IBM today launched the latest version of its Tivoli Identity Manager integrating the various acquisitions it made in recent years around identity and access management and streamlining a popular lightweight version of its identity management software.
Tivoli Identity Manager Version 5.0 melds features from IBM's lighter Identity Manger Express version, which was popular with customers. The features simplify set-up and deployment of the software, a concern of previous versions often highlighted by industry analysts and experts. IBM has migrated instructional wizards and templates from the express version that it says should also reduce the learning curve of new users.
"We're taking the best features of Express and making them available on top of Tivoli Identity Manager," said Joe Anthony, program director for identity management for IBM's Tivoli division. "As the market is maturing in this area, it's important to continue to drive down the amount of IT knowledge needed to deploy the products and make it even easier for end users."
Like identity management software sold by Oracle, CA and Sun Microsystems, IBM's software automates identity and access management processes, by allowing managers to set up new accounts and passwords for employees and customers. The software also includes tools for user provisioning and monitors access rights to identify unauthorized and malicious changes or duplicate and outdated entries. It also includes attestation features, forcing managers to review and sign-off on employee access to system files and applications.
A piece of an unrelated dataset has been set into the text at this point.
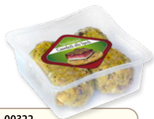
Art. 00322 Canederli allo speck 300 g Art. 00326 6 pz x 300 g

IBM often couples identity management deployments in conjunction with deployments of its WebSphere application server, said Mark Diodati an analyst with Midvale, Utah-based Burton Group. IBM's strategy is to try to come in with a unified solution of all their products to solve a specific problem, he said in a recent interview with SearchSecurity.com.
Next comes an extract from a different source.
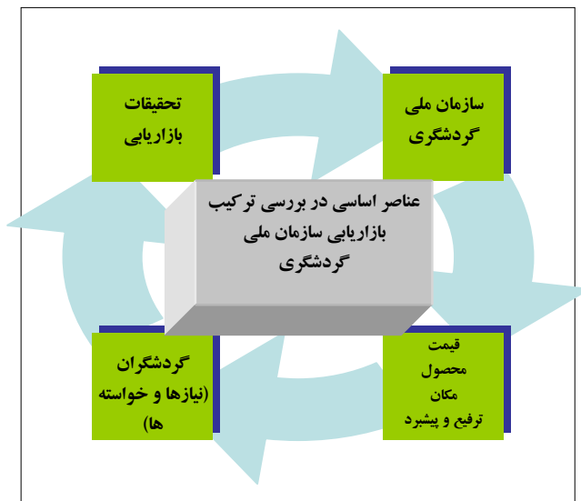
شکل ۲: عناصر اساسی در بررسی ترکیب بازاریابی سازمان ملی گردشگری مأخذ مطالب: (اسلام، ۱۳۸۲: ۲۷۵) تهیه شکل: پژوهشگران

مهمترین هدف بازاریابی گردشگری داخلی جلب هر چه بیشتر دیدارکنندگان از منطقه‌ای خاص است. به همین دلیل باید تصویر روشنی از امکانات، جاذبه‌ها و چگونگی دسترسی به آنها را فراهم آورد.

Diodati said IBM still lacks a virtual directory and an enterprise single sign-on solution. A virtual directory takes employee and policy data, often stored in multiple directories and accessible by a Web service and simplifies the communication between applications by making it appear to be a plain LDAP server. It often results in security efficiencies, Diodati said. For that, customers typically turn to Novato, Calif.-based Radiant Logic Inc. or Chicago-based Symlabs Inc., which sells virtual directory servers.Oracle and SAP have virtual directory products, in addition to Symlabs and Radiant Logic.
IBM, Sun and Oracle have a relationship with PassLogix and resell the Passlogix enterprise SSO product.
Companies don't typically purchase an entire identity management suite to solve multiple solutions, Diodati said. Typically they'll have some need, such as user provisioning, enterprise single sign on or Web access management and then they evaluate the best product in the marketplace for that specific need. After a particular product is selected, companies sometimes take a look at an entire suite.
"We've spent a lot of time making it easier for end users while at the same time driving the ability to scale the infrastructure," IBM's Anthony said. "We have customers that have over a million users using the product so it's very important that the product can scale."